START The data
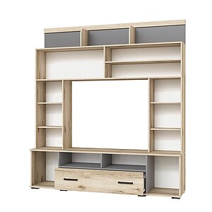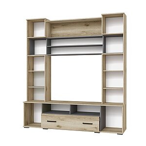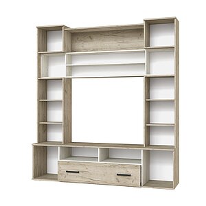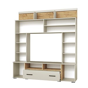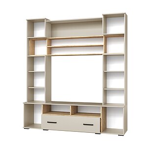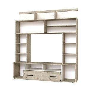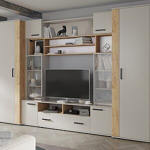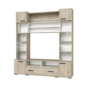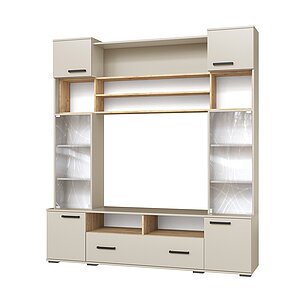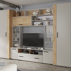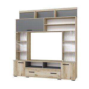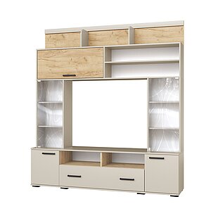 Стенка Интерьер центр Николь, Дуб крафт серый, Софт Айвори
END The data
START The data
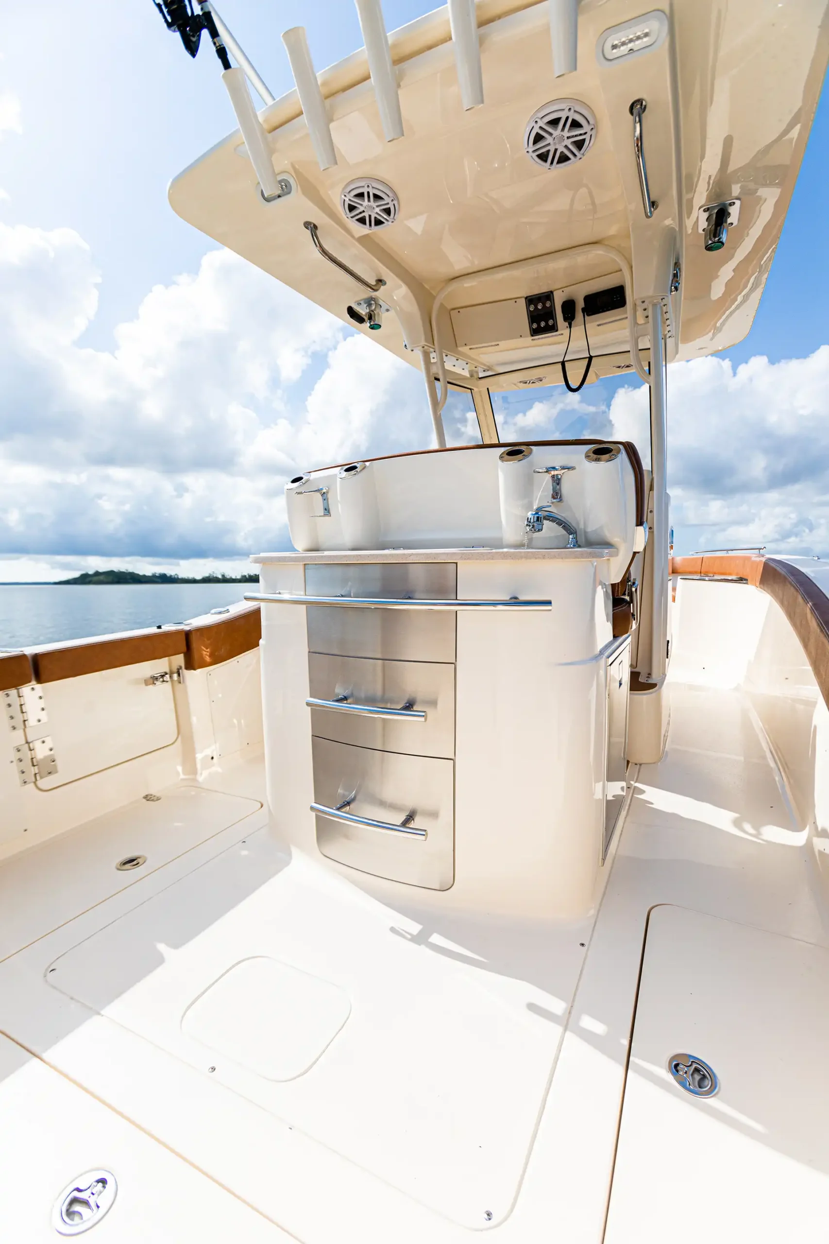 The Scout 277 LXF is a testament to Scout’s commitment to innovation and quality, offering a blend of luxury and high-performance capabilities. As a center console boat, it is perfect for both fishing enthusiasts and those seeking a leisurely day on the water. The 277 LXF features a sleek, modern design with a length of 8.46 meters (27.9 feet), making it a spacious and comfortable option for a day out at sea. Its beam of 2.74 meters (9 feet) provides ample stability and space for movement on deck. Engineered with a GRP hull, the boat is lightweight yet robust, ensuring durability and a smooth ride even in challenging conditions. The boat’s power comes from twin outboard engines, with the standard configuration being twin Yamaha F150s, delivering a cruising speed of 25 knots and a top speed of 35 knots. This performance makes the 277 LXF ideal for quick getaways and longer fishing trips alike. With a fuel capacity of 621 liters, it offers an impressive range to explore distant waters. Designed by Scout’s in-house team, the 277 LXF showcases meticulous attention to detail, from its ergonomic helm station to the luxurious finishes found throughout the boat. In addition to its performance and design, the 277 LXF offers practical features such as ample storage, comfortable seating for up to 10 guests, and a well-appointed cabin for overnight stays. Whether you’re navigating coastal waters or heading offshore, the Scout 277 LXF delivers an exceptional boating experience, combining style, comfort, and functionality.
END The data
START The data
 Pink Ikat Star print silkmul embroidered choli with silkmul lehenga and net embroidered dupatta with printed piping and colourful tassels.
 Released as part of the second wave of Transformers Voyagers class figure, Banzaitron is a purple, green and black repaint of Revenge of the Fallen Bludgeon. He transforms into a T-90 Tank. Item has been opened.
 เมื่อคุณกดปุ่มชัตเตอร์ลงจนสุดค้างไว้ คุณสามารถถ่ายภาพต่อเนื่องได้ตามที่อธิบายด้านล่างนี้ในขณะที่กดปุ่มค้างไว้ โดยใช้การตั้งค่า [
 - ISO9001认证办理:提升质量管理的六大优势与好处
END The data
**Task to carry out**
Begin with the line that has "Released as part" in the listing above and end after the line that has "- ISO9001认证办理:提升质量管理的六大优势与好处"; output those lines exactly.

**Solution for this exercise**
 Released as part of the second wave of Transformers Voyagers class figure, Banzaitron is a purple, green and black repaint of Revenge of the Fallen Bludgeon. He transforms into a T-90 Tank. Item has been opened.
 เมื่อคุณกดปุ่มชัตเตอร์ลงจนสุดค้างไว้ คุณสามารถถ่ายภาพต่อเนื่องได้ตามที่อธิบายด้านล่างนี้ในขณะที่กดปุ่มค้างไว้ โดยใช้การตั้งค่า [
 - ISO9001认证办理:提升质量管理的六大优势与好处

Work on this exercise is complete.